# [Exercise input]
******************************
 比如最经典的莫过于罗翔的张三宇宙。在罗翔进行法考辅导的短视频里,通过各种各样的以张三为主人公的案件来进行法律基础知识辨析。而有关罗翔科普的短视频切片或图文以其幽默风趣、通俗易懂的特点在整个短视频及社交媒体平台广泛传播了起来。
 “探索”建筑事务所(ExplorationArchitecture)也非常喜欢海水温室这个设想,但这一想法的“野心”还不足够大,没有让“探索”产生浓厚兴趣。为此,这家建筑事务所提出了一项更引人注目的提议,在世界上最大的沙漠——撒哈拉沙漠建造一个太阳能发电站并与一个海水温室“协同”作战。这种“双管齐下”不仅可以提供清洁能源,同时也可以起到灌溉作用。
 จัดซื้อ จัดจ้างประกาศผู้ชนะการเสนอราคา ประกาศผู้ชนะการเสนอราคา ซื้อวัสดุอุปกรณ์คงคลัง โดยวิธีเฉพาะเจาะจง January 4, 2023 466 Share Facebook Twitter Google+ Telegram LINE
******************************
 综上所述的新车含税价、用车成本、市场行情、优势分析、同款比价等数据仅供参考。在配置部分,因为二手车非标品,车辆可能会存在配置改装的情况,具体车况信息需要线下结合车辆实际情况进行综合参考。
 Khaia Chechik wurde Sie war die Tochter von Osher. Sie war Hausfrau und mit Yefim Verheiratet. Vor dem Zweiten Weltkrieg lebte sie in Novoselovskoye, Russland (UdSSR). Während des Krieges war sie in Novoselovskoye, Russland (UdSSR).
******************************
# [What to work on]
All lines above from the one holding "综上所述的新车含税价、用车成" to the one holding "Khaia Chechik wurde", inclusive, are to be copied exactly; no other line is wanted.

# [Task answer]
 综上所述的新车含税价、用车成本、市场行情、优势分析、同款比价等数据仅供参考。在配置部分,因为二手车非标品,车辆可能会存在配置改装的情况,具体车况信息需要线下结合车辆实际情况进行综合参考。
 Khaia Chechik wurde Sie war die Tochter von Osher. Sie war Hausfrau und mit Yefim Verheiratet. Vor dem Zweiten Weltkrieg lebte sie in Novoselovskoye, Russland (UdSSR). Während des Krieges war sie in Novoselovskoye, Russland (UdSSR).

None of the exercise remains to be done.